A Spanish man has been sentenced to more than 13 years in jail for running a pyramid scheme that swindled €350 million from over 180,000 investors in Europe, the United States and Latin America.

Spanish 'mini-Madoff' sentenced to 13 years
Photo: artjazz/Depositphotos

Spain's National Court found German Cardona Soler, 46, dubbed the “mini-Madoff” in reference to jailed US conman Bernard L. Madoff, guilty of fraud, money laundering, document falsification and criminal association, according to a ruling published Friday.

Cordona's company, Finanzas Forex, offered returns of as much as 10-20 percent monthly for investments in currencies and instead used the money to buy real estate for himself and colleagues. He was arrested in 2011 in the Mediterranean city of Valencia along with two others.

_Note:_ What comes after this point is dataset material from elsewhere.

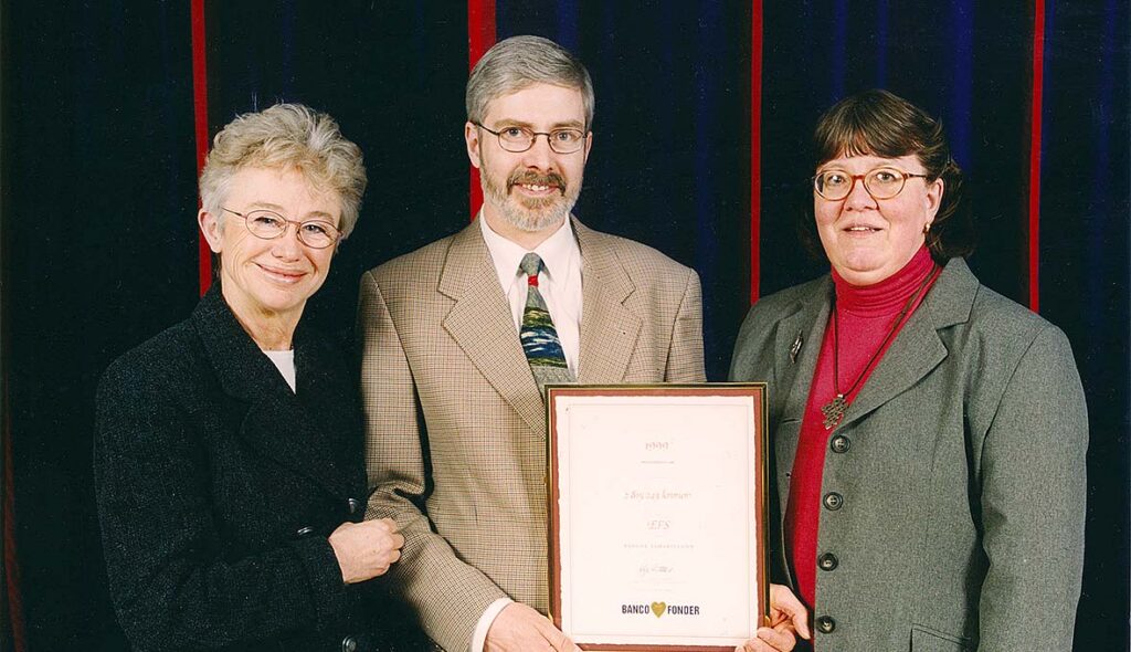 Föregående bildNästa bild Kajsa Lindståhl, VD för Banco, överlämnar diplom till Martin Nilsson, informatör för EFS och Berit Hofgren, vice ordförande för EFS, år 2000. Du kanske också vill läsa:EFS missionsföreståndare Kerstin Oderhem delade ut…Övre raden fr v: Anna Aronsson, Ingrid Stenberg,…På Johannelund läste Olof om EFS rötter, Allan…Kajsa hade en föreställning om att man behövde vara…

The court said only five percent of the money was invested in currencies and its clients received “ridiculous quantities” in return for their investments.

The bulk of the money raised was used to buy buildings in Colombia, Spain, Panama and the United States for a total of $81 million.

The company also used the money to buy $107 million in gold, the court said in a ruling dated March 9th.

Finanzas Forex, which operated between 2007 and 2010, had over 186,000 clients. They were given false information about the gains their investments were making via a company web page.

Cardona's Colombian wife, Lina Maria Mantilla, 47, was sentenced to three years in jail for money laundering and criminal association.

The court ordered Cardona to pay a fine of €300 million while his wife was hit with a fine of €900,000.

Madoff is serving a 150-year sentence at a federal prison in North Carolina after he confessed to running a massive Ponzi scheme that fraudulently took in anywhere between $23 billion and $65 billion, depending on whether interest is included in the tally.

He never actually invested even a penny of the sums his clients entrusted to him, instead drawing on funds from new investors to remunerate the older ones.

But the house of cards collapsed in December 2008 when a growing number of investors, panicked by the financial crisis, attempted to cash out their investments.